Droit de réponse entre Sani Mouhamadou et Maxime Eko Eko : la vérité rétablie
Un droit de réponse pour rétablir la vérité face à des accusations infondées
Dans un communiqué officiel, Me Mélissa Nyoth, avocate au Barreau du Cameroun, s’exprime au nom de son client, M. Sani Mouhamadou. Elle réagit à un communiqué diffusé le 9 août 2026 par les avocats de M. Léopold Maxime Eko Eko, qui remet en cause les déclarations de son client.
Le document en question visait à corriger une information selon laquelle M. Sani Mouhamadou aurait cité la Direction Générale de la Recherche Extérieure (DGRE) parmi les institutions camerounaises ayant sollicité ses services en 2020. Les avocats de M. Eko Eko affirment que c’est lui qui aurait contacté M. Sani Mouhamadou pour lui proposer des services, avant de rompre tout contact en raison d’un manque de justificatifs.
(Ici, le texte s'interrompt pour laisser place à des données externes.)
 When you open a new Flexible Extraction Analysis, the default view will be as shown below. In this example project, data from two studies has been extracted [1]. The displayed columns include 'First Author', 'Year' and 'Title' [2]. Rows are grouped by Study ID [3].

Les faits contestés et la réponse apportée
M. Sani Mouhamadou précise que son communiqué initial, publié le 5 août 2026, avait pour but de rétablir la vérité après la diffusion de vidéos le 24 et 25 juillet 2026. Il souligne qu’il n’a jamais mentionné le nom de M. Eko Eko dans ce document, suggérant une possible confusion.
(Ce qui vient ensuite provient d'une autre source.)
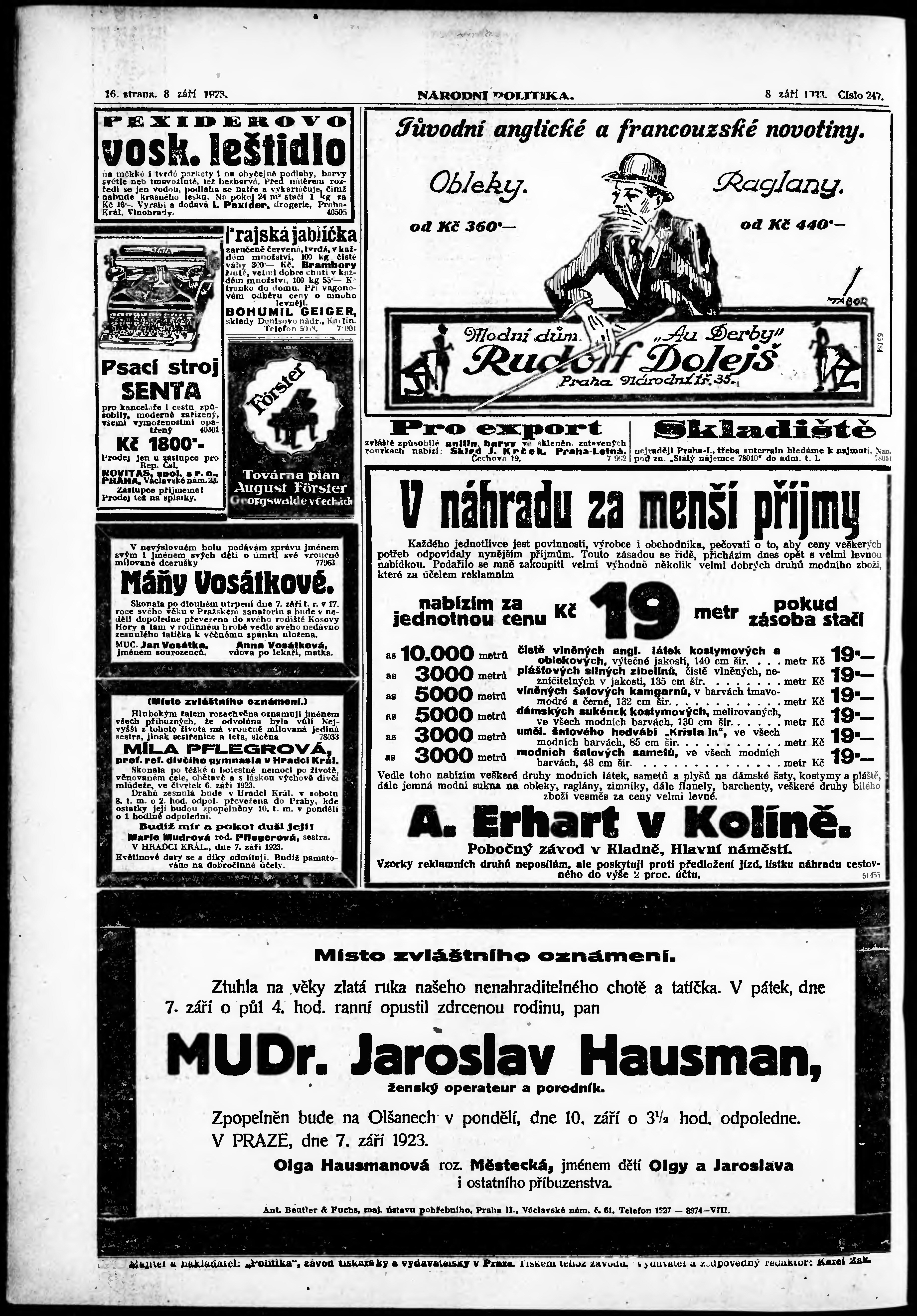 * Datum vydání výtisku: 8.9.1923 Číslo výtisku: 247 Poznámky k výtisku: ranní vydání;

Pour étayer ses propos, il rappelle un échange par messagerie daté du 1er février 2020 à 7h09, où M. Eko Eko lui aurait écrit : « J’ai urgemment besoin de votre aide ». Cette preuve démontre que M. Eko Eko a sollicité M. Sani Mouhamadou en premier lieu, et que son expertise est attestée par l’Institut des Hautes Études de Défense Nationale.
Une démarche amiable infructueuse
Dès la découverte du communiqué de M. Eko Eko, une tentative de résolution amiable a été engagée pour corriger cette erreur. Cependant, aucune suite n’a été donnée. Face à cette situation, M. Sani Mouhamadou se voit contraint de défendre son honneur et sa réputation professionnelle.
Il exige le retrait immédiat du communiqué sous 48 heures, sous peine de divulguer des preuves supplémentaires et d’engager des poursuites judiciaires pour diffamation, si les accusations sont maintenues.
La défense de l’intégrité professionnelle
Me Mélissa Nyoth rappelle que les accusations portées contre son client sont infondées et portent atteinte à son image. Elle insiste sur la nécessité de rétablir les faits, tout en maintenant un profond respect pour M. Eko Eko.
Ce droit de réponse s’inscrit dans une logique de transparence et de protection de l’honneur professionnel, conformément aux principes déontologiques.